Pada titik itu, orang tua R mulai menyadari bahwa yang mereka suarakan di ruang publik tidak sepenuhnya didukung fakta. Tekanan sosial muncul, rasa malu tidak terhindarkan, dan akhirnya keputusan besar dibuat R dipindahkan ke sekolah lain.
Kasus ini menunjukkan bahwa konflik kecil di kelas dapat berkembang menjadi gunung es jika tidak ditangani dengan pemahaman bersama. Ketidakhadiran R mungkin terlihat sebagai persoalan sederhana, tetapi ketika kepercayaan antara sekolah dan orang tua retak, dampaknya meluas ke relasi sosial, reputasi guru, bahkan psikologis keluarga.

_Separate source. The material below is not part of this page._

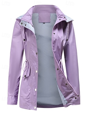 Γυναικεία Καμπαρντίνα Αδιάβροχα μπουφάν Αδιάβροχη Αντιανεμικό Φερμουάρ Τσέπη Μοντέρνα Υπαίθριο Σκέτο Εξόδου Σαββατοκύριακο Φερμουάρ Κανονικό Με Κουκούλα Κανονικό Μακρυμάνικο Εξωτερικά ενδύματα

SMAN 5 Tapung belajar banyak dari peristiwa ini. Bahwa komunikasi yang terbuka dan jujur sangat penting. Bahwa guru membutuhkan perlindungan ketika mereka bekerja sesuai aturan. Dan bahwa media sosial, jika digunakan tanpa pertimbangan, dapat memperkeruh masalah yang sebenarnya bisa diselesaikan dengan bicara dari hati ke hati.
Konflik kecil tidak selalu kecil. Kadang ia hanya menunggu momen untuk muncul ke permukaan mengingatkan kita bahwa sekolah bukan hanya tempat belajar, tetapi juga ruang untuk membangun kepercayaan dan kedewasaan bersama.